Identification of Young Stellar Object candidates in the Gaia DR2 x AllWISE catalogue with machine learning methods
Gábor Marton
MTA CSFK CSI, Hungary


The second Gaia Data Release (DR2) contains astrometric and photometric data for more than 1.6 billion objects with mean Gaia G magnitude <20.7, including many Young Stellar Objects (YSOs) in different evolutionary stages. In order to explore the YSO population of the Milky Way, we combined the Gaia DR2 database with WISE and Planck measurements and made an all-sky probabilistic catalogue of YSOs using machine learning techniques, such as Support Vector Machines, Random Forests, or Neural Networks.
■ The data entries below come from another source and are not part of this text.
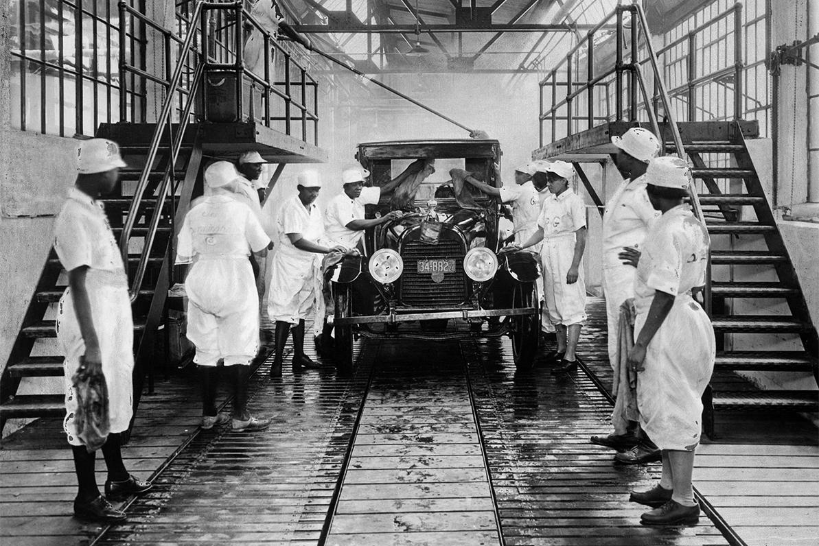 В двадцатые годы XX века автомобильные мойки уже вовсю действовали в Америке и ряде стран Старого Света. Моечный процесс был разделён между работниками по операциям: намыливание, ополаскивание, сушка, полировка бампера, фар и блестящих деталей декора, поэтому людей там трудилось немало.
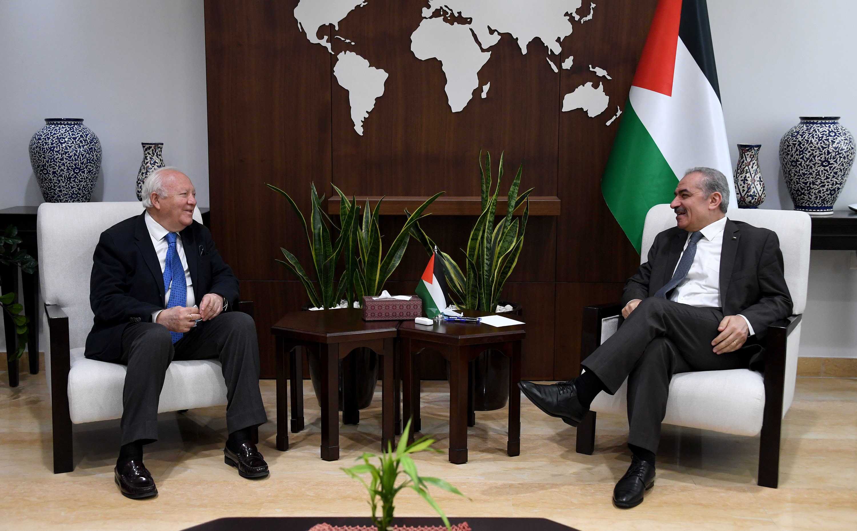 رام الله 28-4-2022 وفا- بحث رئيس الوزراء محمد اشتية، في مكتبه بمدينة رام الله، اليوم الخميس، مع الممثل السامي للأمم المتحدة لتحالف الحضارات ميغيل أنخيل موراتينوس، آخر التطورات على المستوى السياسي، ومستجدات الأوضاع في فلسطين.
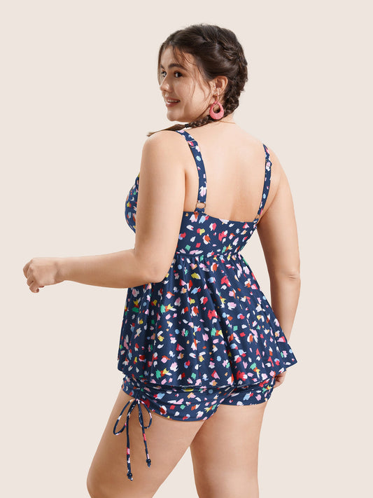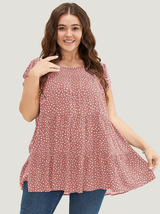 Allover Print Cap Sleeve Ruffle Hem Gathered Blouse
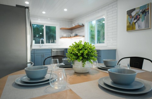 Inside, this inviting home features vibrant decor with a welcoming atmosphere. Lounge comfortably in the chic seating area, catch your favorite shows on the TV, or enjoy a meal at the stylish dining table set for four. The fully stocked kitchen boasts stainless steel appliances, a variety of pans and utensils, and ample space for preparing delicious meals that you can enjoy indoors or outside on the patio.

Our input catalogue contains 103 million objects from the DR2xAllWISE cross-match table. We classified each object into four main classes: YSOs, extragalactic objects, main-sequence stars and evolved stars. At a 90% probability threshold we identified 1 129 295 YSO candidates. As Gaia measures the sources at multiple epochs, it can efficiently discover transient events, including sudden brightness changes of YSOs caused by dynamic processes of their circumstellar disk. A cross-check of the published Gaia alerts with our new catalogue shows that about 30% more alerts can most likely be attributed to YSO activity. Based on our results we suggested modifications to the Gaia Photometric Science Alerts pipeline, which are being tested and implemented at the moment.